Activity: Pictures in the listing below are skipped, while the lines from the "CoosRetro日系简约圆领百搭男骑行立体印花刺绣logo潮流宽松卫衣" line through the "Barbie Pink Chanderi" line are returned word for word.

Given data:
- Opening Delimiter -
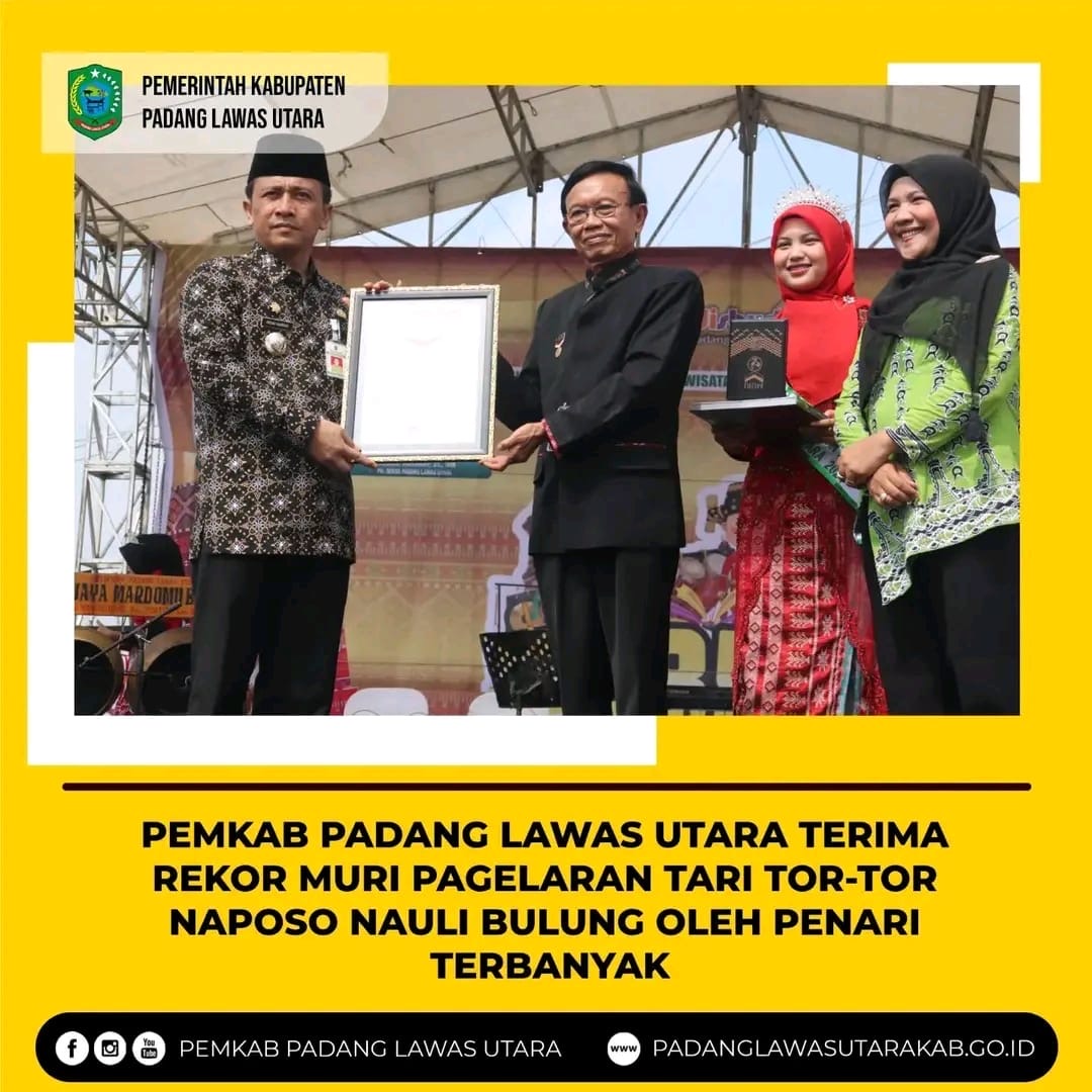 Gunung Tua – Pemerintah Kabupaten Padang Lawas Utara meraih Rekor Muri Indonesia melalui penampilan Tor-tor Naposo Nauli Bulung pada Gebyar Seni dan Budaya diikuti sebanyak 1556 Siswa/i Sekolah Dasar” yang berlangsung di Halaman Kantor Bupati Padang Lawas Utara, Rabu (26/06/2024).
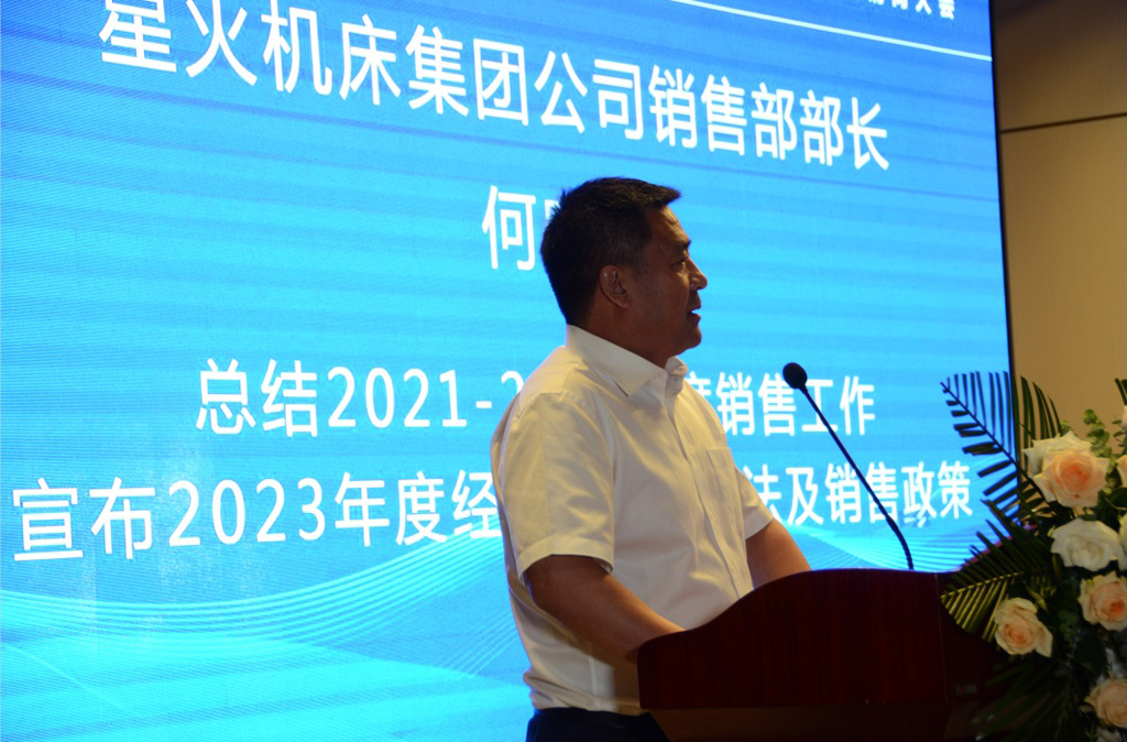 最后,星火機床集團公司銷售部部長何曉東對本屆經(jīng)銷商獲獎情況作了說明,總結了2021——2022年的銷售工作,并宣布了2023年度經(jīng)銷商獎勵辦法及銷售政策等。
- Closing Delimiter -
- Opening Delimiter -
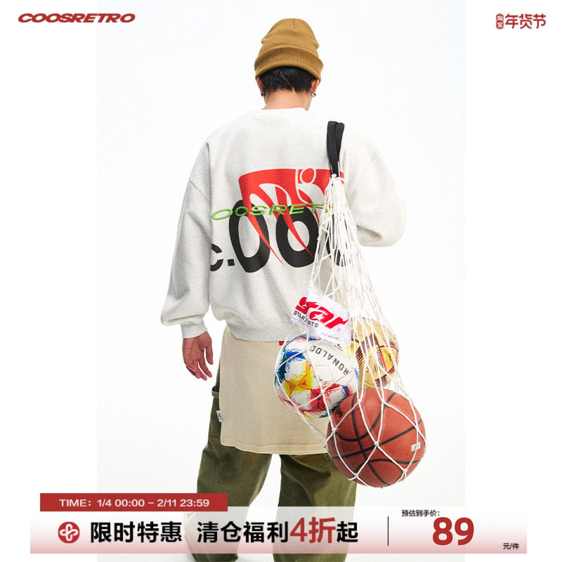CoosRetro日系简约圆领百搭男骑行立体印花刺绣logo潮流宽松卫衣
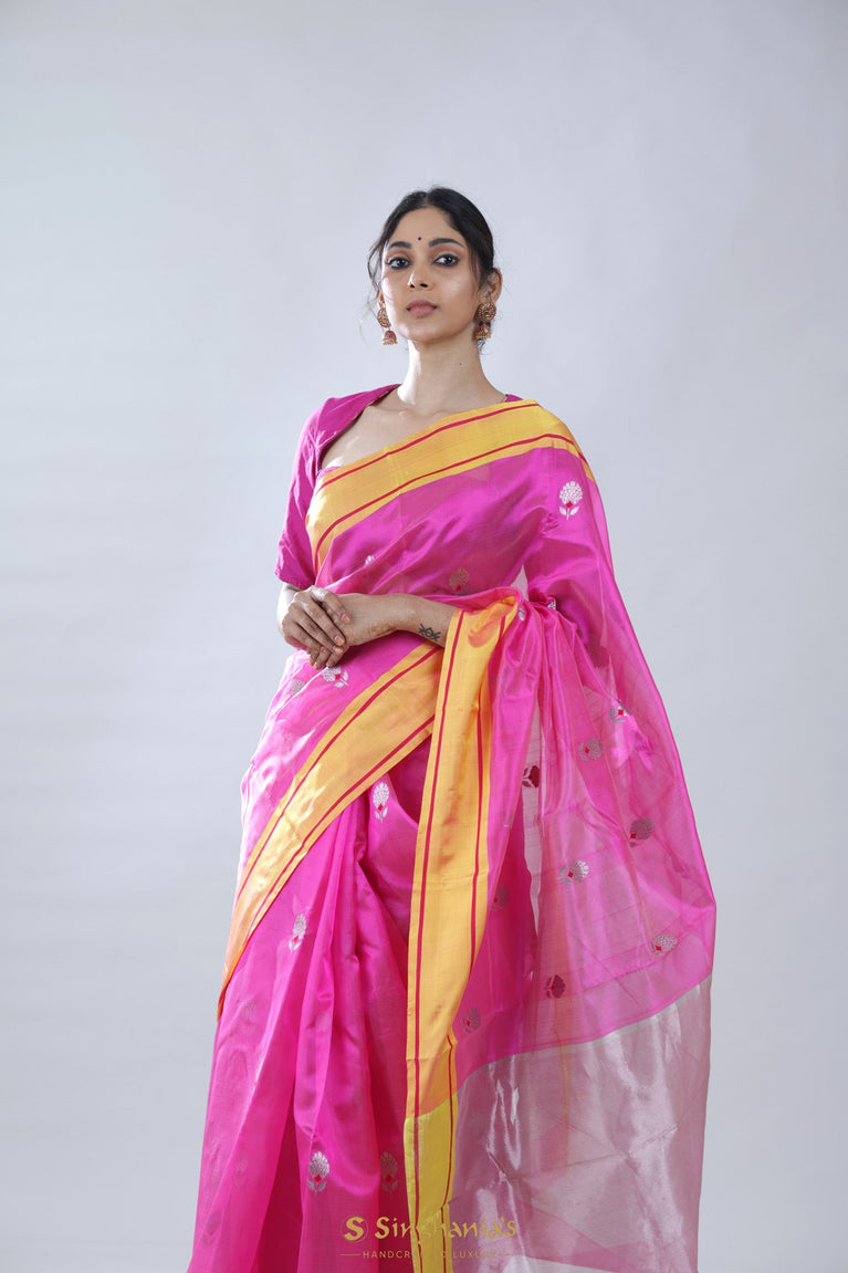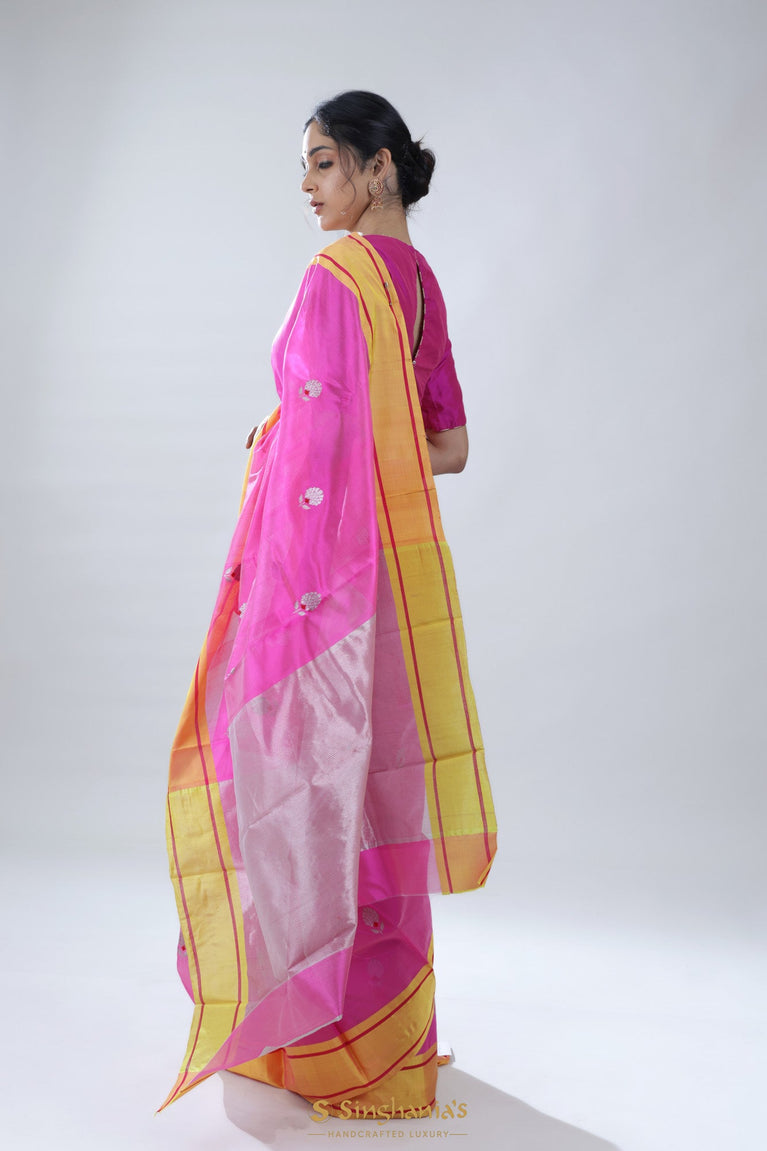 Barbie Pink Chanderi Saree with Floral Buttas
- Closing Delimiter -
The completed task:
CoosRetro日系简约圆领百搭男骑行立体印花刺绣logo潮流宽松卫衣
 Barbie Pink Chanderi Saree with Floral Buttas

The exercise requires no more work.